1. Field of the Invention
Embodiments of the invention provide techniques for analyzing a sequence of video frames. More particularly, to analyzing and learning behavior based on streaming video data while filtering out environmental illumination effects.
2. Description of the Related Art
Some currently available video surveillance systems provide simple object recognition capabilities. For example, a video surveillance system may be configured to classify a group of pixels (referred to as a “blob”) in a given frame as being a particular object (e.g., a person or vehicle). Once identified, a “blob” may be tracked from frame-to-frame in order to follow the “blob” moving through the scene over time, e.g., a person walking across the field of vision of a video surveillance camera. Further, such systems may be configured to determine when an object has engaged in certain predefined behaviors. For example, the system may include definitions used to recognize the occurrence of a number of pre-defined events, e.g., the system may evaluate the appearance of an object classified as depicting a car (a vehicle-appear event) coming to a stop over a number of frames (a vehicle-stop event).

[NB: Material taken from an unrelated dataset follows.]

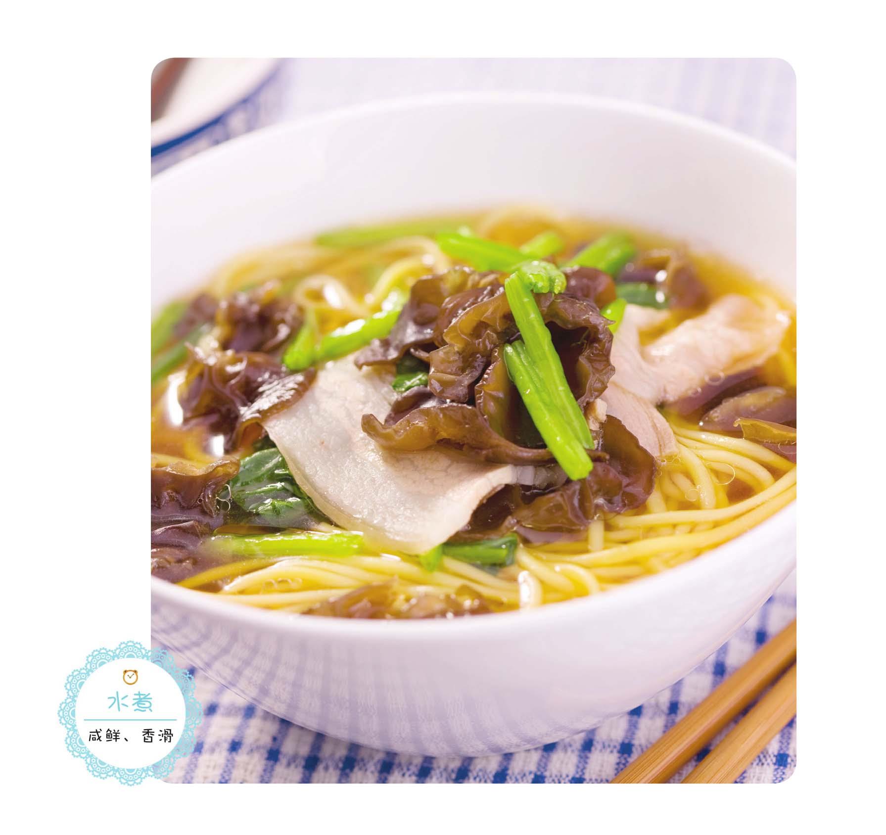 玉米面条200克,熟猪五花肉75克,菠菜50克,水发木耳20克。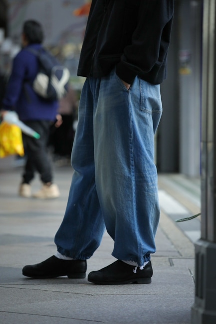 裾のドローコードを絞ってバルーンパンツのようなシルエットにすることも可能です。

Environmental illumination changes can negatively affect a video surveillance system's ability to accurately distinguish foreground objects. Such changes may include, but are not limited to, clouds blocking the sunlight, shadows cast by objects during daytime, shadows and highlights caused by lumination fluctuations due to lack of ambient light, and shadows due to artificial light sources at night. In general, these shadows and highlights resulting from environmental illumination changes may be mistaken as foreground where the shadows and highlights differ in appearance from a background model image which depicts learned scene background. That is, the video surveillance system may generate false-positives by misclassifying pixels of shadows and/or highlights as foreground pixels.
Some conventional video surveillance systems suppress effects of environmental illumination based on the assumption that false-positive foreground pixels which represent shadows and highlights differ from their corresponding background pixels only in luminance, but not chromaticity, values. Such systems may classify foreground pixels having similar chromaticity but higher or lower luminance values than corresponding background pixels as false-positive foreground pixels. However, experience has shown that this approach may itself generate false-positives and false-negatives by incorrectly finding foreground pixels to be background pixels, and vice versa. Such false-positives may cause the system to erroneously remove pixels of foreground objects from the foreground pixels. Conversely, such false-negatives may cause the system to keep shadow and/or highlight pixels as foreground pixels.